- Born: Dale Elizabeth Harper 3 January 1948 Melbourne, Australia
- Died: 15 November 1997 (aged 49) King Edward VII's Hospital, London, United Kingdom
- Spouse: Anthony Tryon, 3rd Baron Tryon ​ ​(m. 1973; div. 1997)​
- Children: 4, including Zoë Tryon

= Dale Tryon, Baroness Tryon =

British fashion maven and close friend of Prince Charles (1948–1997)

Dale Elizabeth Tryon, Baroness Tryon (née Harper; 3 January 1948 – 15 November 1997) was a socialite and a businesswoman in the international fashion world. She created the fashion label "Kanga" and the couture line "The Dale Tryon Collection". "Kanga" also came to be her own nickname. Tryon gave her support to a number of charities including SANE, the mental health charity of which she was the chairwoman. She was a close friend of the Prince of Wales (later King Charles III).

== Early life ==
Born in Melbourne, Australia, she was the eldest of three children of a wealthy printing magnate, Barry Harper, and his wife, Jean Harper. In early childhood Dale was diagnosed with Perthes disease, which affects the hip joint, and which she had until the age of nine, spending time in a children's hospital in irons, from feet to chest.

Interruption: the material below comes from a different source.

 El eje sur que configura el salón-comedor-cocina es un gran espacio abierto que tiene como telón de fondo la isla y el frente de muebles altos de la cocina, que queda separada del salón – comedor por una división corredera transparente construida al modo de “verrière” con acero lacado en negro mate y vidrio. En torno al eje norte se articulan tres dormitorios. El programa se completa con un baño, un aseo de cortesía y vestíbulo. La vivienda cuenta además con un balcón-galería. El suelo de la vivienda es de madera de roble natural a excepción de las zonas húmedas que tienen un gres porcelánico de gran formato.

She had also received a diagnosis for spina bifida in childhood.

== Marriage ==
An active socialite described by family and friends as having "tremendous joie de vivre", within two weeks of arriving in England she had met Anthony Tryon (later 3rd Baron Tryon), who was a member of Prince Charles's inner circle. Dale and Anthony married in 1973 in the Chapel Royal at St James's Palace, and had four children: Zoë (born 1974), Charles (born 1976), and twins Edward and Victoria (born 1979).

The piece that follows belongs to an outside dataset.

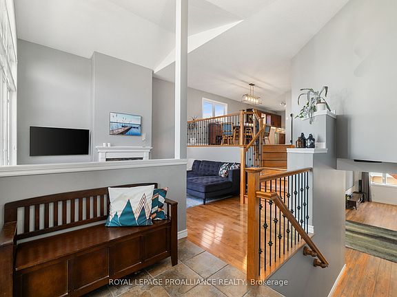 This not-so-ordinary 5-bedroom, 3-bath walk-out raised bungalow offers great space for entertaining indoors and out with plenty of space for families of all sizes. The vaulted main level living room with soaring picture window and cozy gas fireplace creates a unique and impressive, bright and open feeling throughout the main living areas. Generous dining area, great for family meals and dinner parties, is open to the stylish kitchen with waterfall quartz countertop, peninsula seating, tiled backsplash, and stainless steel appliances. Step through the garden door to the upper deck with metal pergola the perfect spot to start your day or enjoy warm summer nights. 3 bed 2 bath main floor layout makes daily routines flow easily. The spacious primary suite includes a 3-piece ensuite, while 2 additional bedrooms are served by a spacious 4pc family bath with plenty of storage. The walk-out lower level offers fun and flexibility with 2 additional bedrooms, a 4-piece bath, and a large rec room with gas fireplace and direct access to the hot tub. Great space for large families or hosting overnight guests, or create dedicated home gym and office space. A generous laundry room with access to plenty of storage completes the space. Outdoors, enjoy a fully fenced, low-maintenance backyard with an above-ground pool, hot tub area, handy under-deck storage, and mature trees backing onto the scenic Lower Trent Trail. The double attached garage provides excellent parking and storage, with space versatile enough for a golf simulator. Located in the welcoming community of Frankford, you'll enjoy riverfront fun, outdoor recreation, and a quick drive to Batawa's ski hill and trails. Updates include: Roof (2022), On Demand Hot Water Heater: (2025) and AC (2025). With space to relax, play, and entertain, your family is sure to Feel at Home at 16 Kyle Court.

After divorcing her husband, Dale was also out of the Prince's inner circle. According to Tina Brown's book The Palace Papers, Prince Charles released a statement in 1997 which declared that "they were no longer the friends they once were".

== Businesses ==
Tryon started her career in the late 1960s as a reporter for The Australian Women's Weekly. In 1969 she moved to the UK and worked in the London office of that magazine. In 1982 she briefly worked in the business of American-born Hong Kong designer Diane Fraise as a fashion agent. In 1983, Dale started a fashion business called Kanga, located in Beauchamp Place, Knightsbridge. Having persuaded Diana, Princess of Wales to wear a Kanga dress to the Live Aid concert, it became a successful international business. Dale lived in Lord Tryon's family home, the 18th-century Manor House at Great Durnford, near Salisbury. From the early 1980s her clothes were sold in shops in England, America, Australia, France and Spain, and her own boutique in Knightsbridge was later joined by branches in Salisbury, Hong Kong, and Dublin. Both "Kanga" and her couture line named "The Dale Tryon Collection" were successful.

== Health ==
Dale had Perthes disease as a child, spina bifida since childhood and was diagnosed with uterine cancer in 1993. After living with spina bifida for years, she had a series of surgeries to correct the issue. After this she travelled for a period with a nurse, a physiotherapist, and her daughter, Zoë, who would lie next to her as she slept, rolling her over regularly.

Soon after she received the 'all clear' from cancer, Tryon underwent treatment at Farm Place, an alcohol and drug rehabilitation clinic in Surrey. She was on a heavy dose of painkillers, and drank excessive quantities of vodka and champagne. While undergoing treatment for addiction at the clinic, she fell from a third-floor window, fractured her skull, broke her back and was paralysed.

Tryon was left a paraplegic from her fall, and for the last 18 months of her life was in a wheelchair.

== Divorce ==
Living with recurring depression, and after being told by her husband that he wanted a divorce, she was detained on 17 June 1997 under the Mental Health Act 1983 for 28 days, after leaving the Black Horse Inn in Great Durnford. After discharge from the spinal injuries unit at Salisbury District Hospital, she returned home. The decree nisi was announced on 1 September, after which she renounced her title and moved into The Ritz hotel, where she intended to throw a party for her 50th birthday.

== Death ==
Towards the end of her life, Tryon travelled to Australia to meet her mother and went to India to undergo homeopathic treatment by a doctor who was introduced to her by the Prince of Wales. On her return, she was admitted to the King Edward VII Hospital, Westminster, experiencing complications from severe bed sores for which she had plastic surgery. Tryon died there on 15 November 1997 from septicaemia, aged 49. She was buried four days later in England, and in her will left her £1.3 million estate to her children.